4.3. NGC 2264 stars – hypothesis 2

Another possible interpretation of the rotation evolution of NGC 2264 stars was presented by Lamm et al. (2005), who suggested that the period distribution of both NGC 2264 and the ONC were similar when the clusters had the same age. In this view, stars in NGC 2264 with P ≥ 4−5 days are assumed to have been locked in the past with the locking period attributed to the ONC (Plock ~ 8 days) and released from their disks presumably when they were at the age of ONC stars. Since then, these stars would have spun up conserving angular momentum.
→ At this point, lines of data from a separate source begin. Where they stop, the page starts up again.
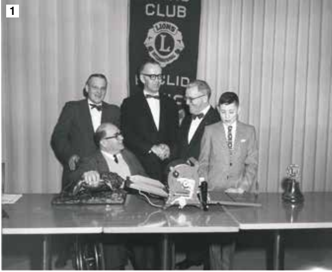
1- Yıl 1965. Ohio'daki Euclid Lion'ları, görme engelliler alfabesi kopyalayan makinayı, Roosevelt Görme Engelliler Okulu'na bağışlarken.
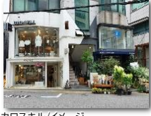
カロスキル/イメージ
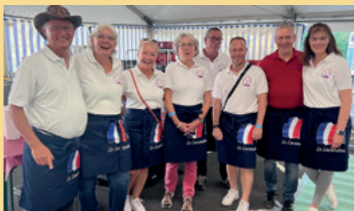
Arbeitseinsatz im Festzelt, der Spaß machte...
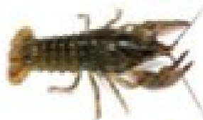
۳ خرچنگ دراز
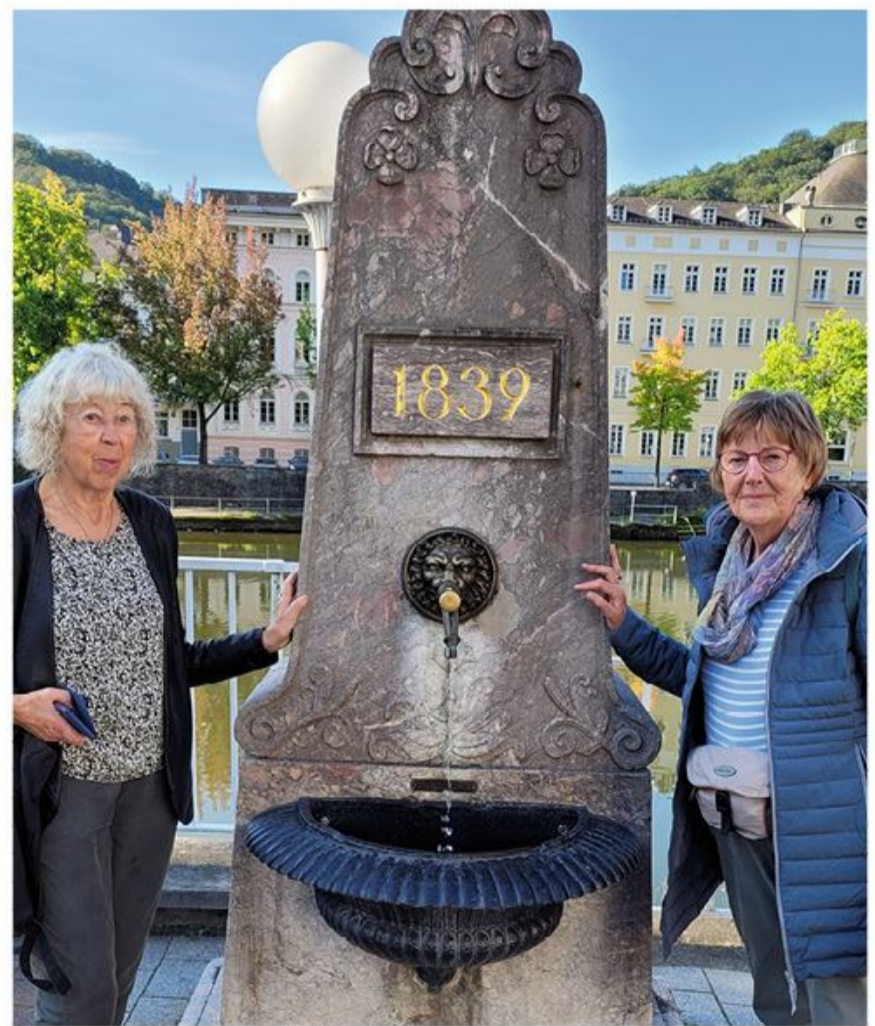
Her var der dog kun vand at hente.
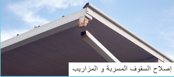
إصلاح السقوف المسربة و المزاريب
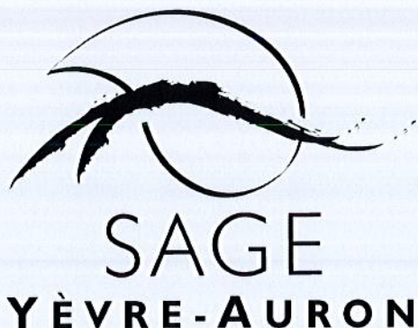
SCHÉMA D'AMÉNAGEMENT ET DE GESTION DES EAUX DES BASSINS DE L'YÈVRE ET DE L'AURON
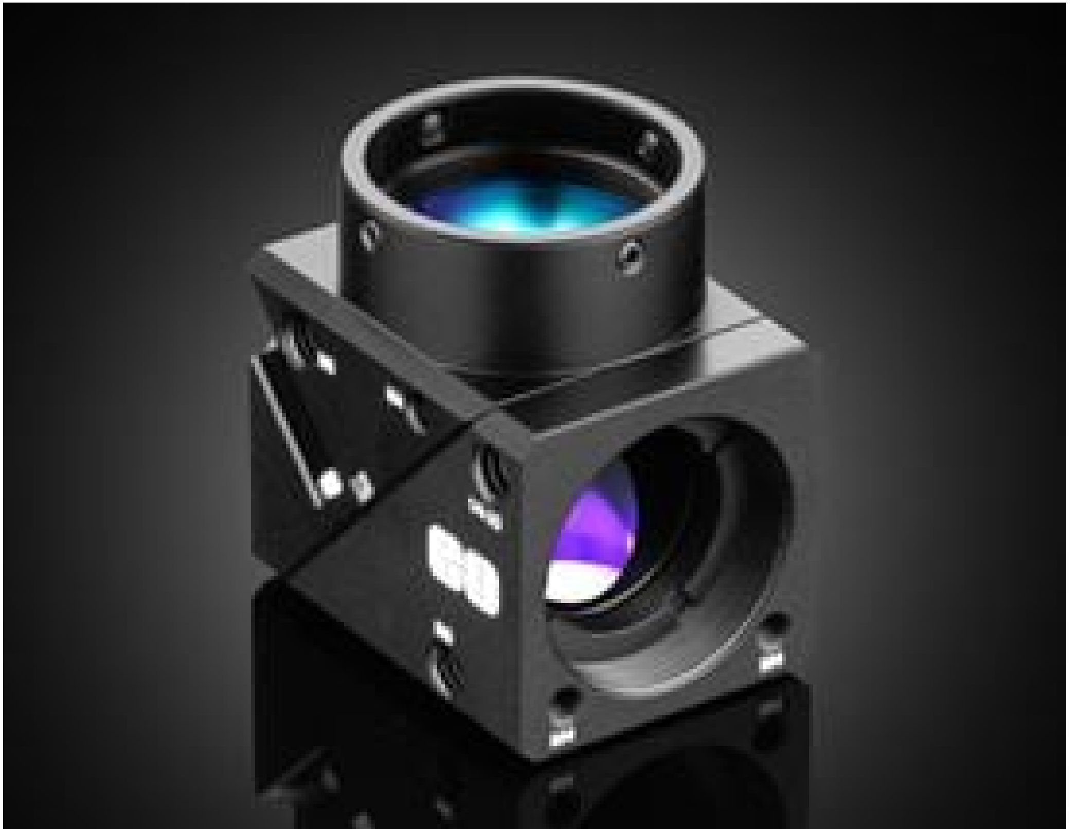
#18-508: Filter Cube Assembly
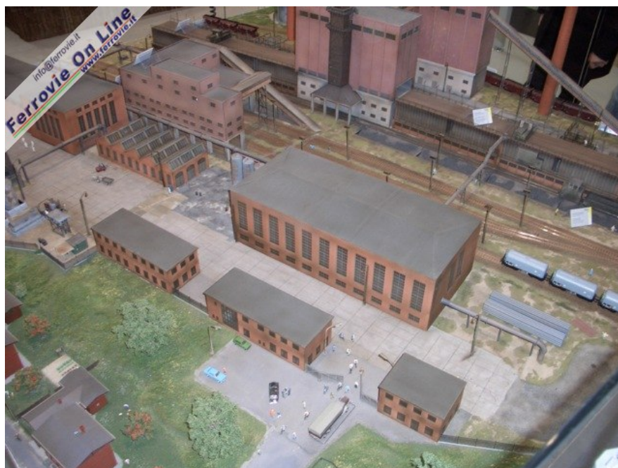
L'ingresso con le palazzine uffici. (Foto Giancarlo Cariati, 6 febbraio 2009)
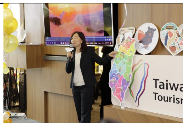
莊副處長介紹阿里山茶席體驗

To test this hypothesis, we tried to simulate the NGC 2264 period distribution at 1 Myr. If we simply used the stars’ estimated ages and projected them back to 1 Myr, we would be assuming that all the stars were formed together, disregarding the apparent spread on age of 110 Myr seen in Fig. 14. According to our age determinations, the apparent age dispersions in NGC 2264 and the ONC are similar: 83% (96%) of ONC stars and 75% (95%) of NGC 2264 stars lie within one (two) standard deviation from their respective mean ages. Therefore it makes more sense to simulate the NGC 2264 period distribution when the mean age of its stars was 1 Myr. In this way, if the current mean age of NGC 2264 stars is 3.5 Myr, 2.5 Myr ago the cluster’s mean age was about 1 Myr. It is important to stress that this period distribution simulation of NGC 2264 stars at the ONC age is very simplistic because the dynamical evolution of stellar clusters is subject to many competing physical conditions (see, e.g., Lada & Lada 2003); nevertheless, we believe it is a valid approach for obtaining some insight about the evolutionary history of NGC 2264. We then defined a quantity named “age difference” to describe the difference between the stellar age (estimated in Sect. 4.2 by our stellar models) and 2.5 Myr. We computed the age difference for all stars in our sample. However, stars in NGC 2264 are as young as 1 Myr and as old as 10 Myr (see Fig. 7); therefore, 121 stars with age difference <0 had not been formed 2.5 Myr ago and they will not enter our simulation of the NGC 2264 period distribution at the mean age of 1 Myr. To estimate the rotation period of NGC 2264 stars with an age difference 0, we proceed in the following way. For the stars without observational evidence of disks (wtts and intermediate cases with αIRAC ≤ −2.56 or intermediate cases without αIRAC measurements), we calculated with our evolutionary tracks their radii at 2.5 Myr ago and their current radii. By considering conservation of angular momentum and the observed rotation period, we also calculated their rotation period at 2.5 Myr ago, that is, when the mean age of NGC 2264 stars was 1 Myr. For the ctts and intermediate cases with αIRAC> −2.56 (those that probably still have their disks), we assumed that their rotation periods have not changed during these 2.5 Myr, so that, when the mean age of NGC 2264 was 1 Myr, they had the same period as they have now.

thumbnail Fig. 22

Present period distribution of NGC 2264 stars that probably do not have a disk (left panel). Simulation of the period distribution of NGC 2264 stars when the objects had, on average, 1 Myr (right panel).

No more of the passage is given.